Artikel, Zitate und Infos stammen aus der Funk-Technik, der Funkschau, den RTMs, Kameramann, der FKT, den Schriften von Philips und Zeiss Ikon und Anderen. Mehr über die verfälschten historischen Informationen ab 1933 über 1945 bis weit in die 1980er Jahre.

ELEKTRO- und RADIOWIRTSCHAFT

von der 19. Schweizer Radioausstellung in Zürich
(Züricher Radioschau)

Die Weltoffenheit und die Aufgeschlossenheit dieses Landes allen technischen Entwicklungen gegenüber zeigte die in Zürich zum 19. Male abgehaltene Rundfunkausstellung. Man weiß, auf welchem hohen Stand die technische Entwicklung der Rundfunkgeräte und des Zubehörs gerade in der Schweiz angelangt ist - und doch hat die Radiotechnik aller Länder ungehinderten Zutritt zum Schweizer Markt. Daher findet sich kaum irgendwo in Europa eine solche Vergleichsmöglichkeit des technischen Fortschrittes wie hier, stark begünstigt durch die vorzüglichen Währungsverhältnisse, die einen fast unbeschränkten Einkauf in jedem Land der Welt gestattet.

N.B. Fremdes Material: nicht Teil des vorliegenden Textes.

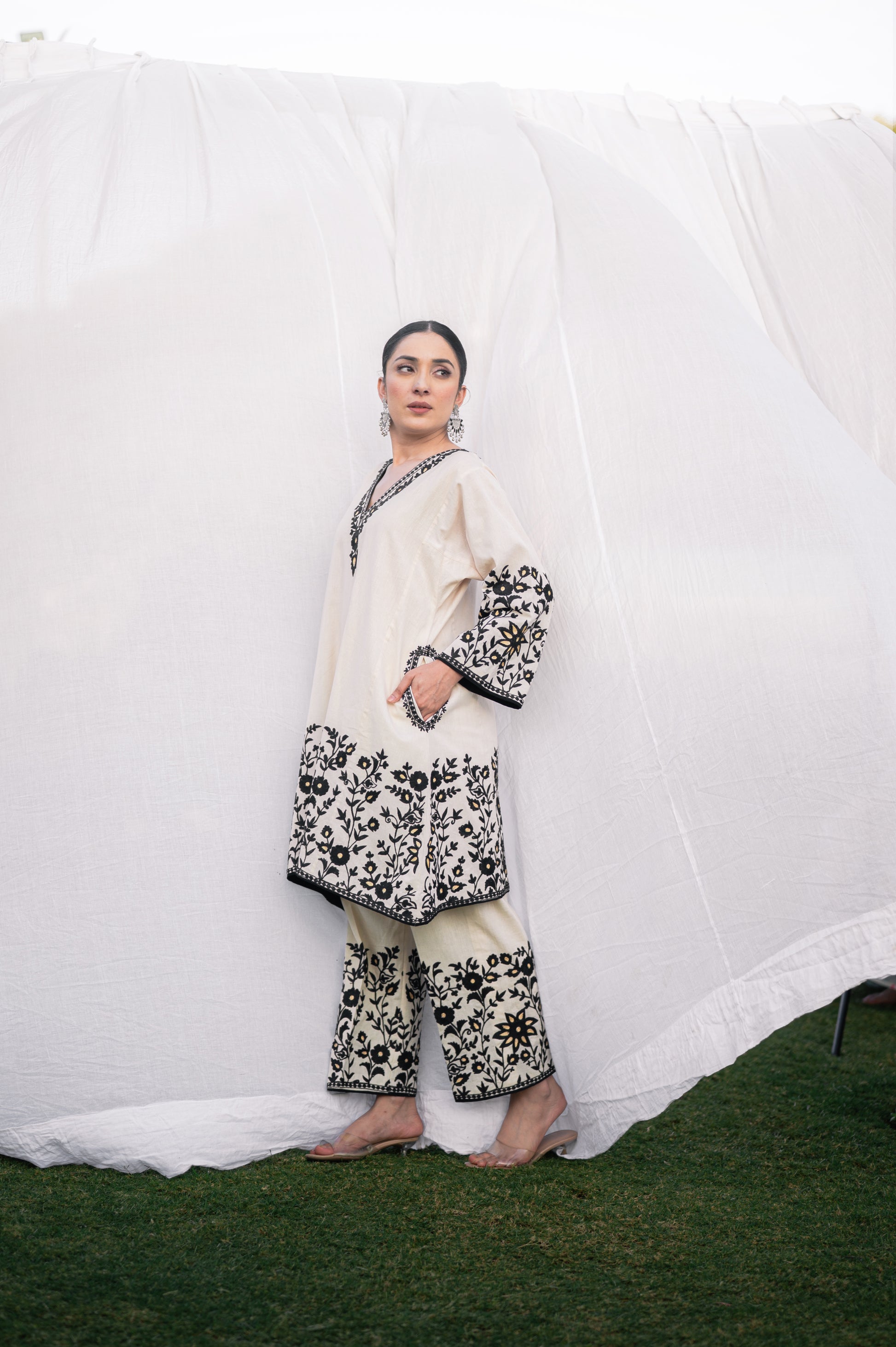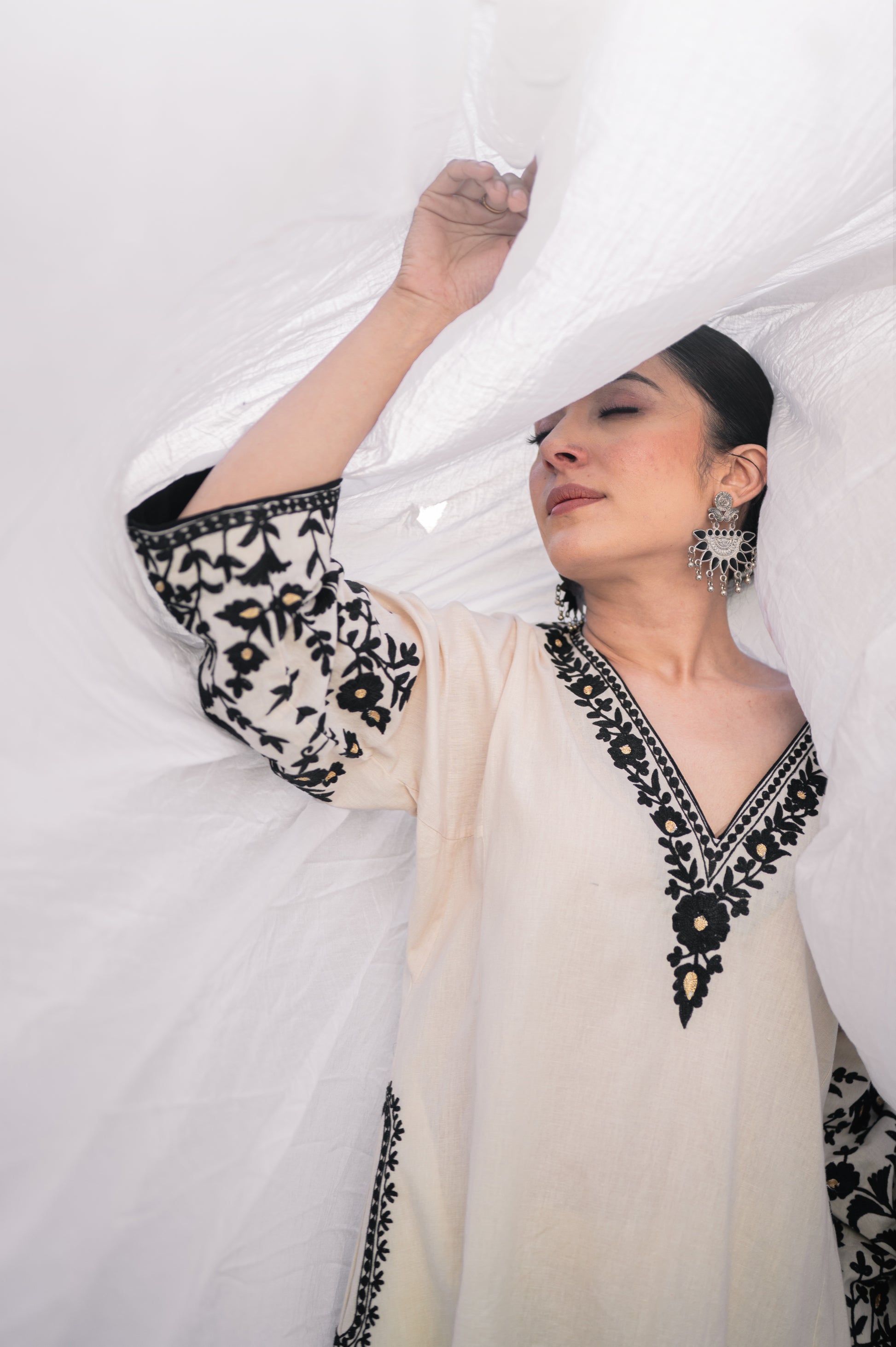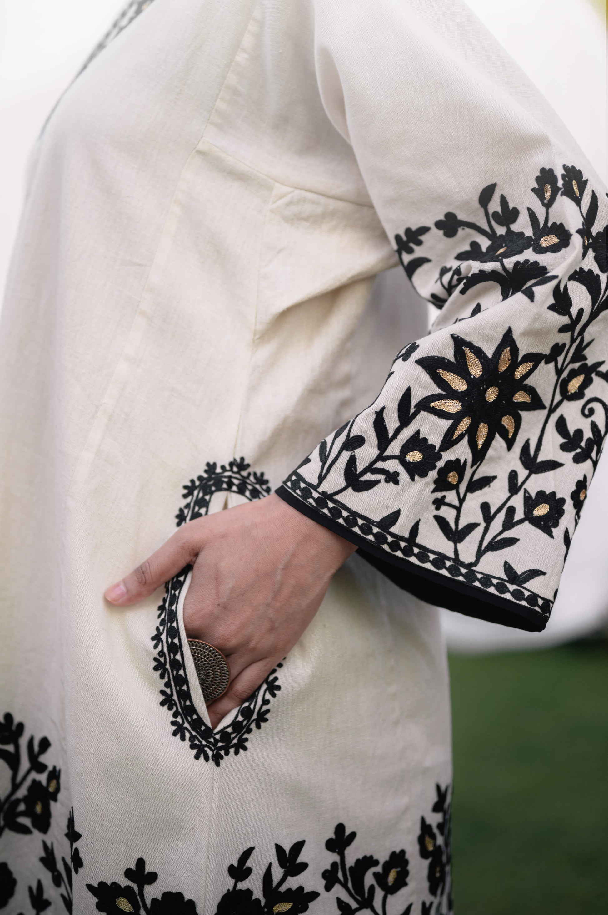 A timeless beige khadi cotton phiran, enriched with Aari and Tilla embroidery for a classic Kashmiri touch.

Die Züricher Radioschau stand daher ebensosehr im Zeichen bester Schweizer Qualitätsarbeit wie ausländischer, vornehmlich holländischer und amerikanischer Höchstleistungen. Aber auch Erzeugnisse aus Frankreich (vor allem Röhrenprüfgeräte und Meßsender) und Italien, aus den AGA-Werken in Stockholm, aus Wien (Minerva-Titan) und Budapest (Orion) waren zu sehen.

Rundfunkempfänger auf dem Höchststand

Es ist ein beliebtes Wort, das da behauptet, die Rundfunktechnik hätte ihren Höhepunkt erreicht und wesentliche Neuentwicklungen seien nicht zu erwarten. Wer die Entwicklung der letzten Jahre in einem neutralen Land aufmerksam beobachtet hat, wird nicht umhin können, einige Körnchen Wahrheit darin zu entdecken. Die Schau der wunderbar ausgewogenen Empfänger in Zürich, deren Leistung genau dem gediegenen Äußeren entsprach, läßt unzweifelhaft die Frage nach der Möglichkeit einer Höherentwicklung aufkommen.

Hinzu kommt, daß bei einem Vergleich der Geräte aus den Jahren 1943/45 mit denen der 1947er-Ausstellung entscheidende Verbesserungen nicht festgestellt werden können. Damit sei nun auf keinen Fall gesagt, daß die neuen Geräte nicht gut seien, ganz im Gegenteil - es sei nur erklärt, wie schwer es unter anderem den Firmen wird, die Notwendigkeit neuer Modelle zu beweisen.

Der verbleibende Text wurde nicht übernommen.